Pasaron muchos años, muchas luchas y desvelos, pero Ella los supo siempre llevar con la sabiduría de la gente hecha de buena madera. Se levantaba antes que el sol despertara y, tempranísimo, empezaba su día sancochando fideos, lavando arroz, limpiando mesas y sillas, para recibir a sus caseros con el café con leche servido en vaso y el pan caliente crujiendo cuando se lo partía. Yo también trataba de levantarme temprano para alcanzarla antes de que saliera a hacer la plaza. De su mano iba al mercado, sorprendiéndome con la cabeza de chancho entera en el puesto de la señora que vendía chicharrones; o compadeciéndome de las pobres gallinas degolladas, desangradas, sancochadas y desplumadas, que terminaban en los ganchos colgadas para atraer la atención del respetable. Ella iba a hacer las compras para el almuerzo, y si la acompañaba, yo me ganaba un jugo surtido preparado de los porrones donde la papaya, la piña, el plátano y la betarraga, pelados y picados, nadaban, y saltaban directo a la licuadora, y de allí al vaso, y con yapa, por favor. Era un espectáculo, casi un parque de diversiones, la placita, La Paradita, el mercado cerca de casa.

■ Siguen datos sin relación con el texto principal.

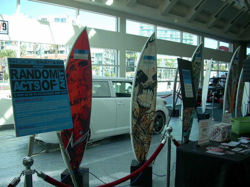 またまたやって来ました>>2008ASR 皆さんご存知の通り、世界中から横乗り系アクションスポーツ・メーカーが “この秋・冬、うちはこんな感じで行きまっせー!!” って発表するわけです。 当然そのメーカーが気になる世界の横乗り系アクションスポーツ関係者や その世界中の横乗り系アクションスポーツ・メーカーにスポンサーを受けている 有名ライダー達も一同に集結するわけです。 それがACTION SPORTS RETAILER 『ASR』なんです。 実は今回のASR、すっかり忘れてました。 チケットも持ってないけど、「まぁ何とかなるやろ」 って事で出発。 僕の家からASR会場までは車で10分。 「こんな近くに住んでるのに入られへん訳が無い!!」 と訳の分らん事を思いながら、 運良く会場近くに駐車する事にも成功!! 「幸先いいぞ~!!」って気合を入れて会場入り。 会場入ってすぐ、まず目に飛び込んできたのがコレ!! これは自動車の“SCION”と地元FM局の“FM94/9” そして我らが“RUSTY SURFBORD”の共同企画。 地元ラジオ局の“FM94/9”がおもにサウザン・カリフォルニア出身のアーティストを選出、 そのアーティストが“RUSTY SURFBORD”に様々なグラフィックを描き、 応募した人達に、そのサーフボードをサンディエゴ内の “SCION”販売店で抽選してプレゼント!! 時間が無いけど僕も応募しときました。 そして、その次に目に飛び込んできたのがコレ!! コレ“RUSTY BOARDSHORTS”の広告ブース。 なんとコノBOARDSHORTS、ペットボトルのリサイクルで 出来てるみたいなんです。 その上“伸縮性”“乾燥性”にも優れてるみたいなんです。 まさに夢のBORADSHORTSなんですね~。 会場入り口をウロウロする事1時間。 あの手この手で中に入ろうとしたんですが 結局、会場内への潜入は失敗・・・・。 来週からは“トラッセルズ”で 『ASP BOOST MOBILE PRO』が開催されます。 また、報告しますね。 RUSTY-USA “MART” 今月号のSURFING誌とSURFER誌 そして日本国内のフリーマガジン”FLOW”ご紹介させていただきます。

Llegó la adolescencia y la edad en que empecé a llegar “temprano”, los domingos por la mañana. Y la edad en que empecé a llegar sazonadito, los domingos por la mañana. Y para fastidiarla, antes de subir a la casa, pasaba por la tienda, y sobre los tragos que ya traía encima, fingía una borrachera que no me dejaba ni hablar. Ella sólo decía: “Uy, ya toma, uy, ya ‘ta tomando”, para sólo después decirle: “no, me estoy haciendo, no he tomado nada”, y nos reíamos, pero no me estaba haciendo pues algo ya tomaba…
Ella y yo fuimos, por encima de todo, amigos. Veíamos la telenovela juntos, me encantaba hacerla reír diciéndole: “Aquí estamos en Perú. Háblame en castellano. La tuya, por si acaso. ¿Dónde está tu carnet de extranjería? Cuidadito que te denuncio”. La última vez que la vi fue en el aeropuerto Jorge Chávez. Ya había pasado el control de migraciones, cuando en el pasillo la vi con mi viejo, que la había hecho llegar no sé cómo hasta allí. Y, aunque ya había hecho varias idas y venidas, Ella sabía en el fondo, que era la última vez que nos íbamos a ver. Lloramos juntos y me fui.
Me dijeron que se quedó como dormida en el final. Me dijeron que alguna vez la encontraron llorando porque le pareció que yo había regresado, le pareció haberme visto y que me había ido sin siquiera saludarla, cuando en realidad yo estaba al otro lado del mundo pero siempre pensando en Ella. Ella fue mi abuela, mi amiga, la mujer que me quiso de gratis, sin pedir nada, sin esperar nada.
[1] Proverbio popular «donde se come no se caga» que establece que debe cuidarse mucho el puesto en el que uno trabaja, o ser agradecido con quien te alimenta, tratando de evitar la provocación de hechos que puedan costarle el cargo o la relación de quien te da la mano.
Nota publicada en Perú Shimpo, en mayo 2015, adaptada para la Revista Digital Kyodai.
A través de esta nota titulada “Ella”, celebramos a todas las personas que cumplen el rol de Madres en todas sus connotaciones.